Internalizing behavior was defined either as social withdrawal or as a broader set of anxiety, depression, and psychosomatic complaints. The study examined how different types of negative emotion and regulation/control relate to internalizing and externalizing problem behaviors in children aged 55–97 months. Parents and teachers reported on 214 children’s adjustment, dispositional regulation, control, and emotion, while children’s regulation was observed during several behavioral tasks. Children with externalizing problems showed higher anger, impulsivity, and poorer regulation, whereas those with internalizing symptoms exhibited more sadness, lower attentional regulation, and reduced impulsivity, highlighting systematic links between emotion, regulation, and adjustment and distinguishing effortful from less voluntary control.

Abstract

The purpose of this study was to examine the relation of different types of negative emotion and regulation and control to 55‐ to 97‐month‐olds' internalizing and externalizing problem behaviors. Parents and teachers provided information on children's ( N =214) adjustment, dispositional regulation and control, and emotion, and children's regulation was observed during several behavioral tasks.
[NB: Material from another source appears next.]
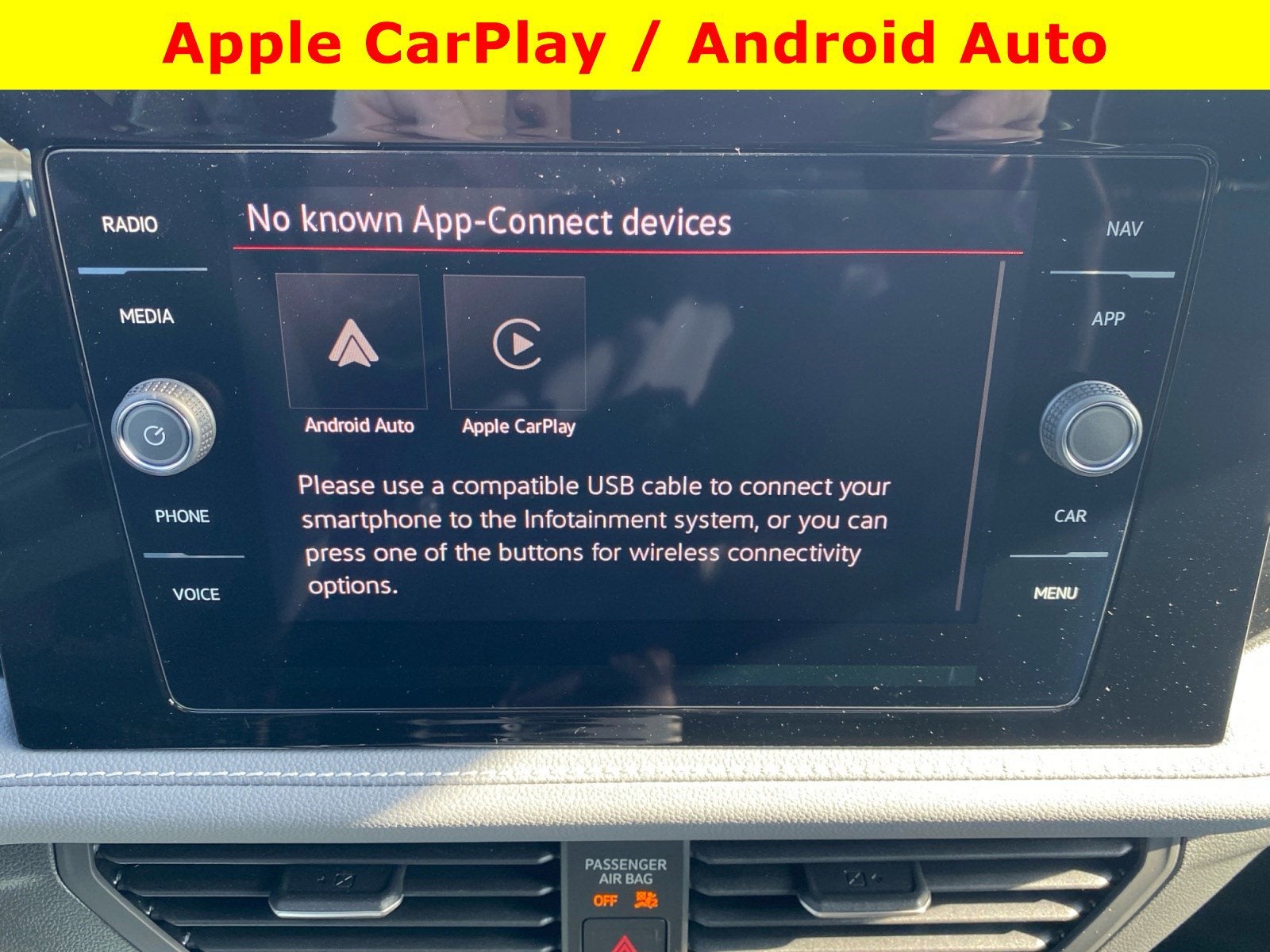 - Radio: MIB3 Discover Media w/8" Touchscreen Nav -inc: AM/FM/HD Radio and WMA/MP3/FLAC player w/USB-C, voice control, Bluetooth® connectivity (for compatible devices), SiriusXM w/360L (w/3-month trial subscription; 360L services require acceptance of Car-Net terms), capability for in-vehicle 4G LTE enabled Wi-Fi (cellular data plan required; includes limited trial), capability for connected vehicle services (capabilities for certain services vary; requires enrollment or subscription), App-Connect smartphone integration (w/Apple CarPlay, Android Auto and MirrorLink) via USB, wireless App-Connect smartphone integration (for compatible devices) w/multi-phone pairing capability, USB-C enhanced charging, up to 45W (for compatible devices) and Qi wireless inductive charger (for compatible mobile phones and accessories) All connected vehicle services are subject to terms andlimitations. Some services require a paid subscription. See dealer or vw.com/connected for important details.
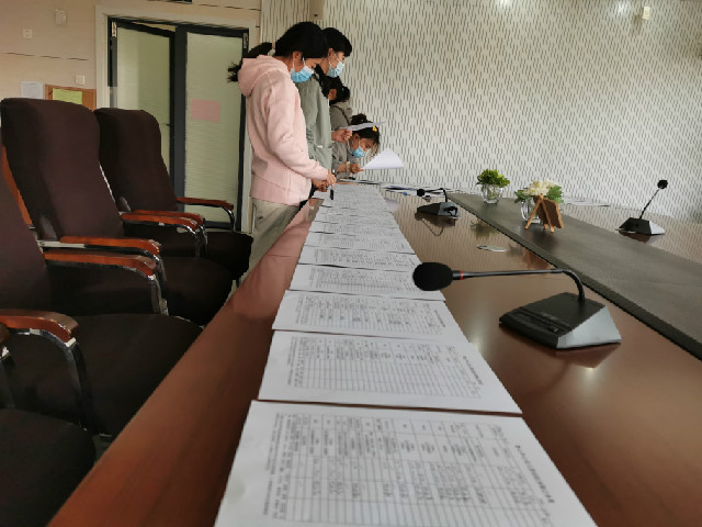 后勤园长潘园长与保健老师们随机抽取班级消毒表格,逐一摊开,认真对照标准进行评比。

Internalizing was defined in two ways: as social withdrawal (to avoid overlap of items with measures of emotionality) or, more broadly, as anxiety, depression, and psychosomatic complaints. In general, children with externalizing problems, compared with children with internalizing problems and nondisordered children, were more prone to anger, impulsivity, and low regulation. Children with internalizing symptoms were prone to sadness, low attentional regulation, and low impulsivity. Relations between internalizing problems and emotionality were more frequent when the entire internalizing scale was used. Findings suggest that emotion and regulation are associated with adjustment in systematic ways and that there is an important difference between effortful control and less voluntary modes of control.